Content starts

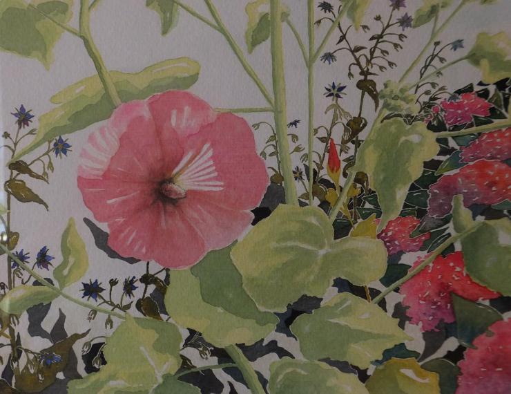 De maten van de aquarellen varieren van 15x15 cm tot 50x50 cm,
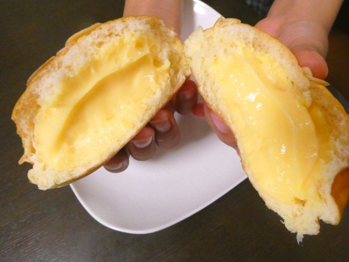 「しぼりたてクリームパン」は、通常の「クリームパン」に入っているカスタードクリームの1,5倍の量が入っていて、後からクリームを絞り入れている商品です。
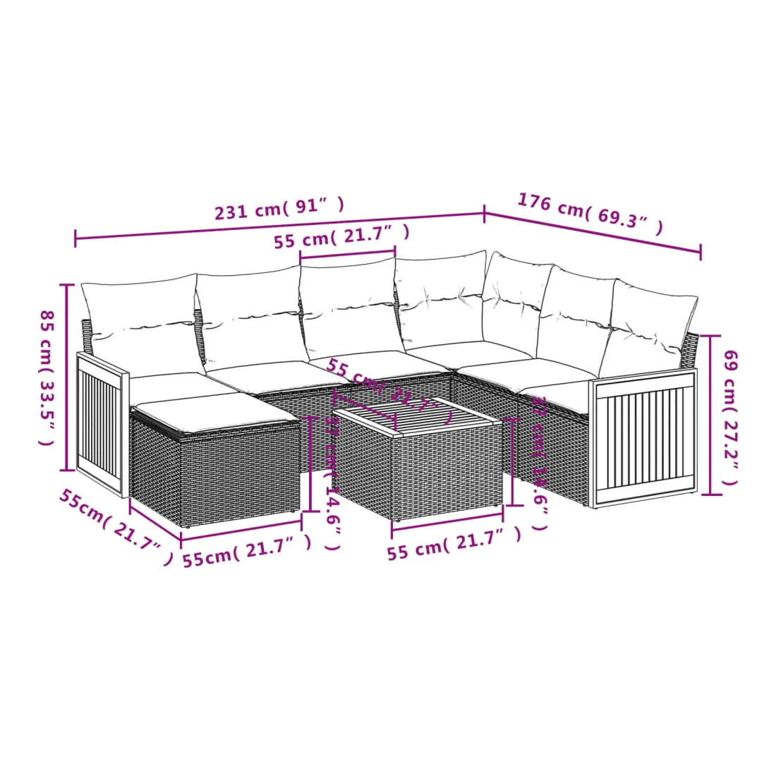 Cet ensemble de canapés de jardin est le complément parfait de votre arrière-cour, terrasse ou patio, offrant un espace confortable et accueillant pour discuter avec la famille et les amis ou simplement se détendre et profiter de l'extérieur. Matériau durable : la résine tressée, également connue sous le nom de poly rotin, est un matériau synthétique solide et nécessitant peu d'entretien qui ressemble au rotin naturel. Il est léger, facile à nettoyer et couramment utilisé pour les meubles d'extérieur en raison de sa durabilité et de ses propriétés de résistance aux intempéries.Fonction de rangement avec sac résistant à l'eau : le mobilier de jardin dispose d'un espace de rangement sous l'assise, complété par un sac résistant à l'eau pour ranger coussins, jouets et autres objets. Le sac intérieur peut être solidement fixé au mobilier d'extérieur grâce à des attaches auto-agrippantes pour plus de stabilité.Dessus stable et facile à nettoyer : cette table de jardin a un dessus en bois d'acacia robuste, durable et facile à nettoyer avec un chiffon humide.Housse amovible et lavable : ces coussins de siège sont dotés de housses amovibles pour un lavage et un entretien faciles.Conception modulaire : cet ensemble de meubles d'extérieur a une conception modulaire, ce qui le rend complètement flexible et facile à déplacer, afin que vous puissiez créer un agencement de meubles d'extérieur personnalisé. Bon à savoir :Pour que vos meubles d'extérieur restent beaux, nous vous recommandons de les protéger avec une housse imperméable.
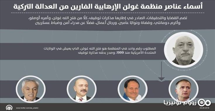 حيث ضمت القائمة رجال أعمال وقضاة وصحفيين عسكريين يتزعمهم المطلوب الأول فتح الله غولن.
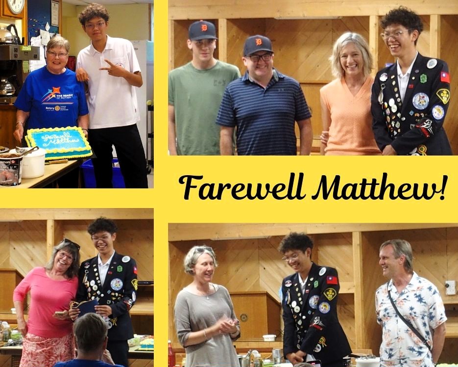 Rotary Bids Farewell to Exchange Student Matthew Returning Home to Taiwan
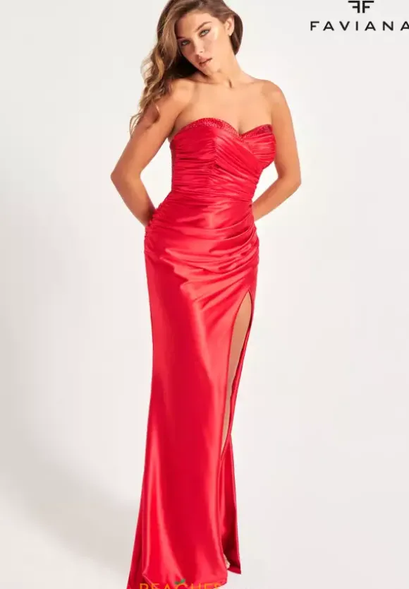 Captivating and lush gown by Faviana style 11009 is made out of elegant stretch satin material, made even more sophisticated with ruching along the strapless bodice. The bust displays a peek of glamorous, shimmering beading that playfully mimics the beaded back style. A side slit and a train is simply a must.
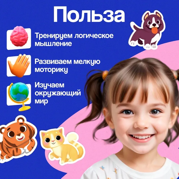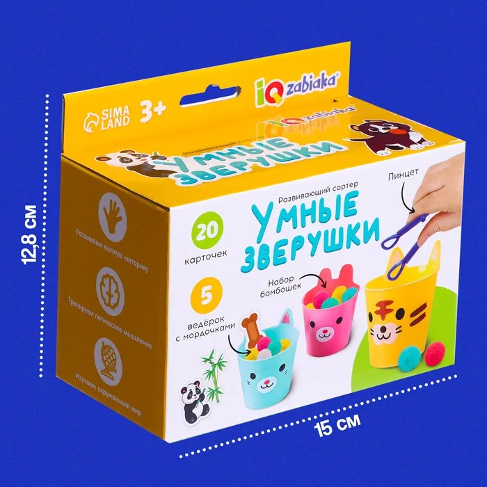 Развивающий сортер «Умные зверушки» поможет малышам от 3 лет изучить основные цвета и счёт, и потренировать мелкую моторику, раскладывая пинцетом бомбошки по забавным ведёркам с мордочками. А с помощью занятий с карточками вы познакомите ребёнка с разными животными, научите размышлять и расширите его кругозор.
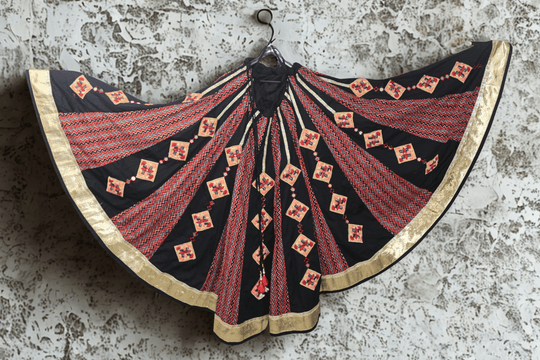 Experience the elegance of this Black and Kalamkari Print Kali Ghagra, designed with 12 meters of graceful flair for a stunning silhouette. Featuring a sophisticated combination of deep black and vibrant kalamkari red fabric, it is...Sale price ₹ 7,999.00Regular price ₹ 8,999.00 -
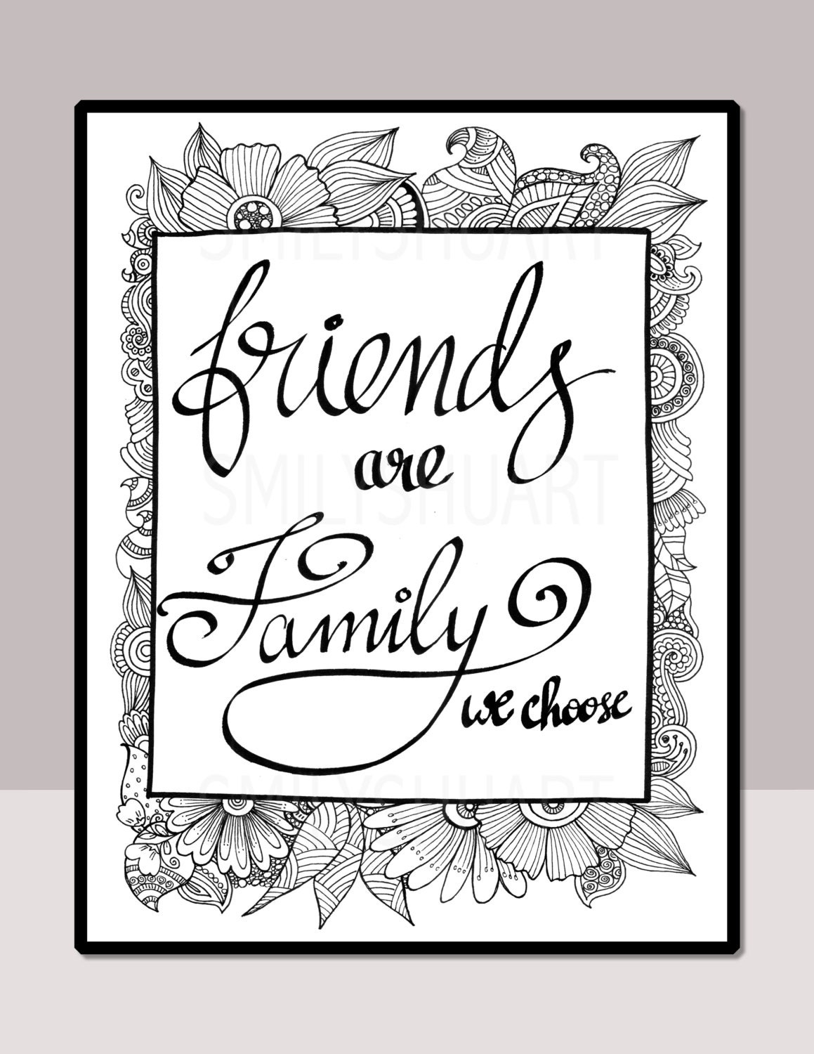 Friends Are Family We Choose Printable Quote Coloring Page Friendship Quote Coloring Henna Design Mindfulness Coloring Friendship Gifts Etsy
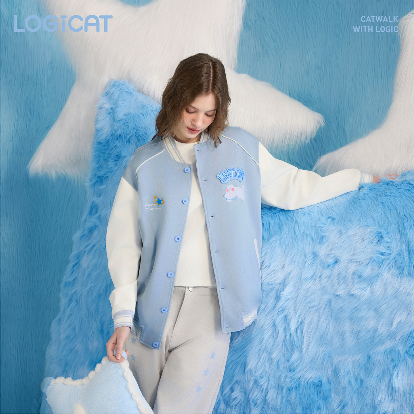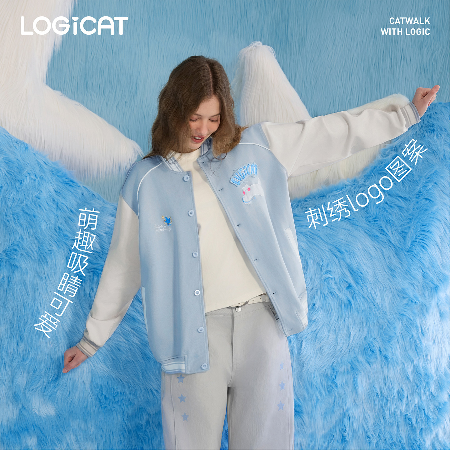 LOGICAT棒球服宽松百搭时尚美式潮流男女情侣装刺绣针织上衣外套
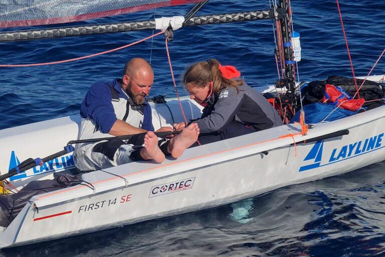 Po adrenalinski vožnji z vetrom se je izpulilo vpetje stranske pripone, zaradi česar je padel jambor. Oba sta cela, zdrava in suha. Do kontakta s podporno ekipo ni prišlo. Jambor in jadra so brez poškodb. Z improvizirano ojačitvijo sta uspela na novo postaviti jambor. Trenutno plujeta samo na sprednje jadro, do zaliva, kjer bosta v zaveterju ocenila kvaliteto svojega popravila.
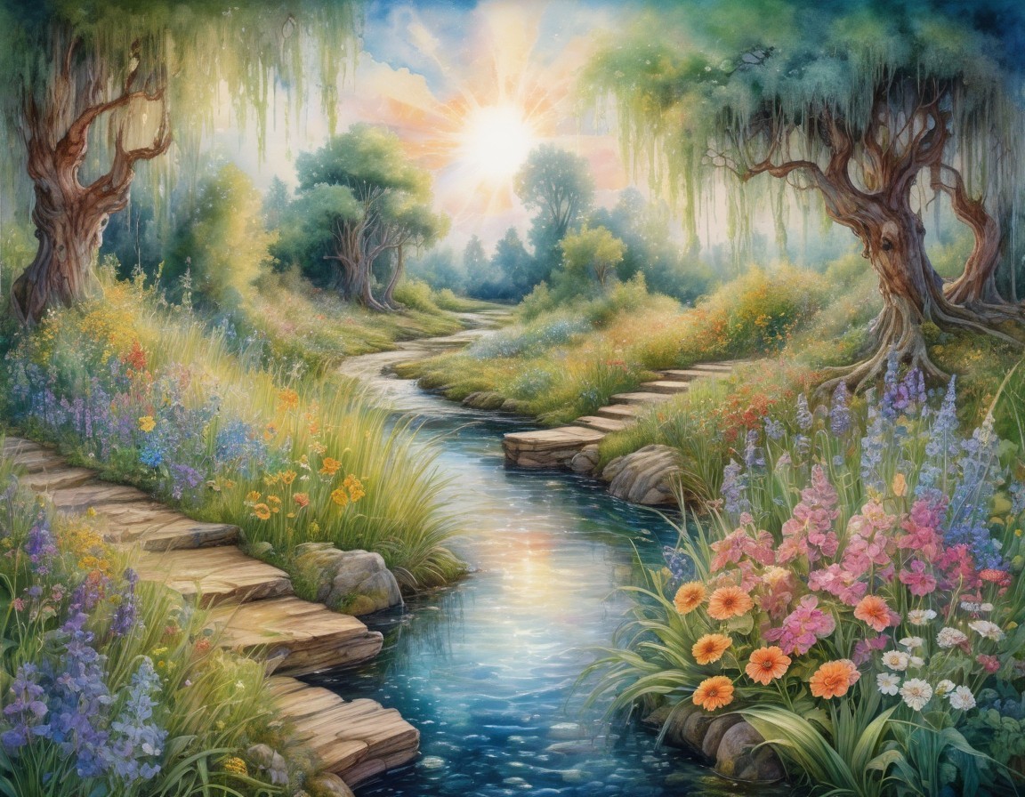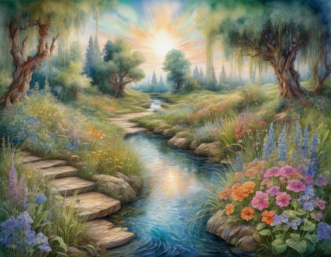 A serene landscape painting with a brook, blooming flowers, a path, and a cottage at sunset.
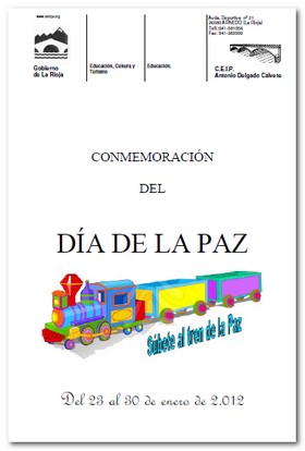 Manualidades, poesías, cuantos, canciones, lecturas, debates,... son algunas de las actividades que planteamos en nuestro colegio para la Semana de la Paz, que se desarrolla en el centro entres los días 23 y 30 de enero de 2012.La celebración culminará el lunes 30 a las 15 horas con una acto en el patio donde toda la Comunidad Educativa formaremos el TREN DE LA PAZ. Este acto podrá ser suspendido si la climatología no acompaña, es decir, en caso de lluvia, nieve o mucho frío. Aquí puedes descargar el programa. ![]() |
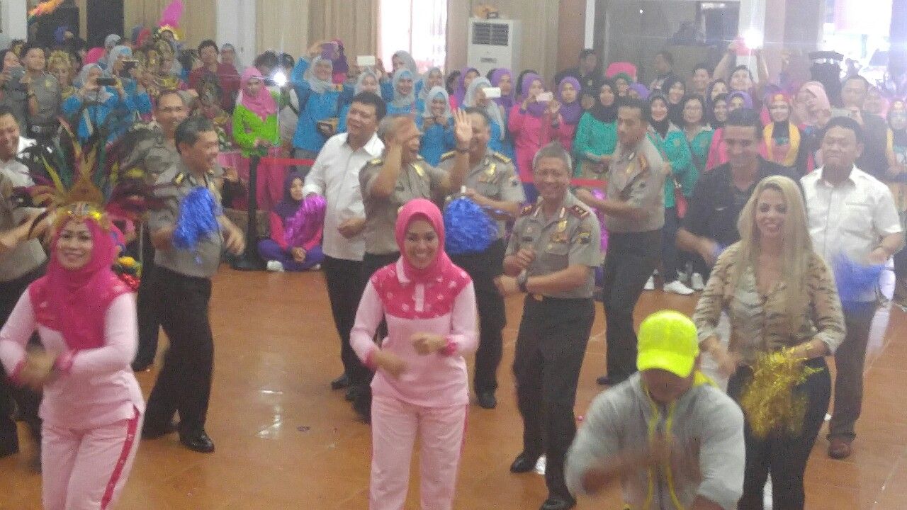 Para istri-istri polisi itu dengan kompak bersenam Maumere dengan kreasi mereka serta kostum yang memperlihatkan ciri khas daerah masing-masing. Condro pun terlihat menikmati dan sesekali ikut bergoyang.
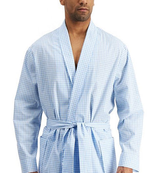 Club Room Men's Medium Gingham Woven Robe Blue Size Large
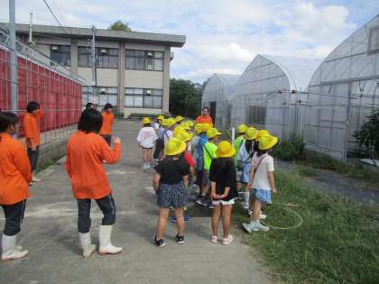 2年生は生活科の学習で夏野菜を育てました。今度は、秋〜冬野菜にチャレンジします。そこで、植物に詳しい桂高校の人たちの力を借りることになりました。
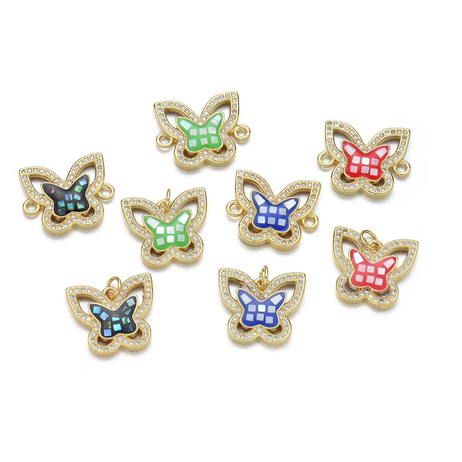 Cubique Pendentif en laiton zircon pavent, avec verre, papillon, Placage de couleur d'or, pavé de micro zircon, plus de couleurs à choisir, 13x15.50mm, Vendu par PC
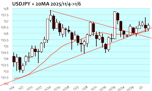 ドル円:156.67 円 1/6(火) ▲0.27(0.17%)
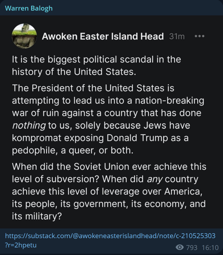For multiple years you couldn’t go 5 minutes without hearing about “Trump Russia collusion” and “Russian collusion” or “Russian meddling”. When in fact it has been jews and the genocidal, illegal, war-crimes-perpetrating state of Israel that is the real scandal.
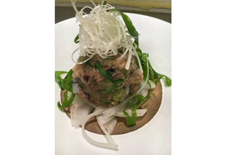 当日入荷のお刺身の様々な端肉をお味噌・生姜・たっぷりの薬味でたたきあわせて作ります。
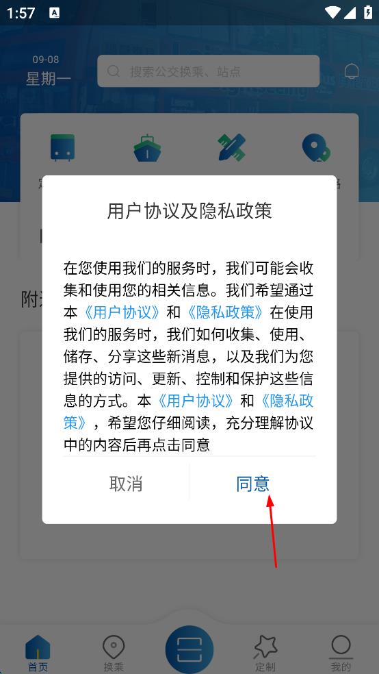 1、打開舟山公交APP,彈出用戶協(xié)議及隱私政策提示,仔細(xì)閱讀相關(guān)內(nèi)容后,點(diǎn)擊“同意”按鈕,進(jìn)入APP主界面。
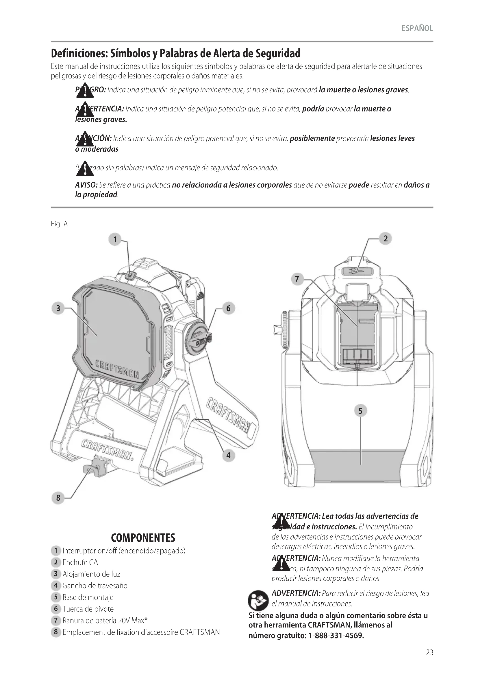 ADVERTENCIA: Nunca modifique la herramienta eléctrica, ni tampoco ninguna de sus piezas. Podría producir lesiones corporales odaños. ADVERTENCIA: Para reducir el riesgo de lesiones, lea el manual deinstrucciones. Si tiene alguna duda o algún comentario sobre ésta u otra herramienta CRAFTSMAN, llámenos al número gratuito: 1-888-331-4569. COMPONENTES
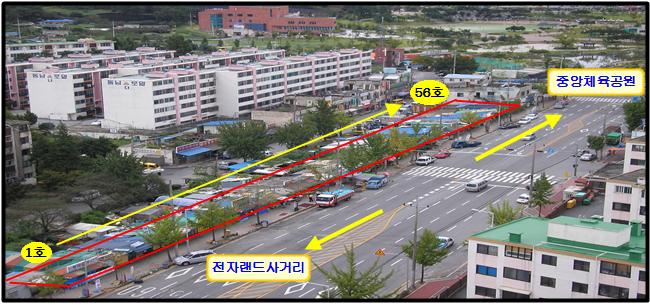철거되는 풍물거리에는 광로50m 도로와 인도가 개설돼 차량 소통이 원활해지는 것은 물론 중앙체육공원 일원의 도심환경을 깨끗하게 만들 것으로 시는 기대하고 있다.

Content ends

:: To do ::
Range to copy from the records above: the line containing "Manualidades, poesías, cuantos, canciones, lecturas, debates,..." to the line containing "Club Room Men's", both included. Output those lines exactly and only those, skipping pictures.

:: Solution for this task ::
 Manualidades, poesías, cuantos, canciones, lecturas, debates,... son algunas de las actividades que planteamos en nuestro colegio para la Semana de la Paz, que se desarrolla en el centro entres los días 23 y 30 de enero de 2012.La celebración culminará el lunes 30 a las 15 horas con una acto en el patio donde toda la Comunidad Educativa formaremos el TREN DE LA PAZ. Este acto podrá ser suspendido si la climatología no acompaña, es decir, en caso de lluvia, nieve o mucho frío. Aquí puedes descargar el programa. ![]() |
 Para istri-istri polisi itu dengan kompak bersenam Maumere dengan kreasi mereka serta kostum yang memperlihatkan ciri khas daerah masing-masing. Condro pun terlihat menikmati dan sesekali ikut bergoyang.
 Club Room Men's Medium Gingham Woven Robe Blue Size Large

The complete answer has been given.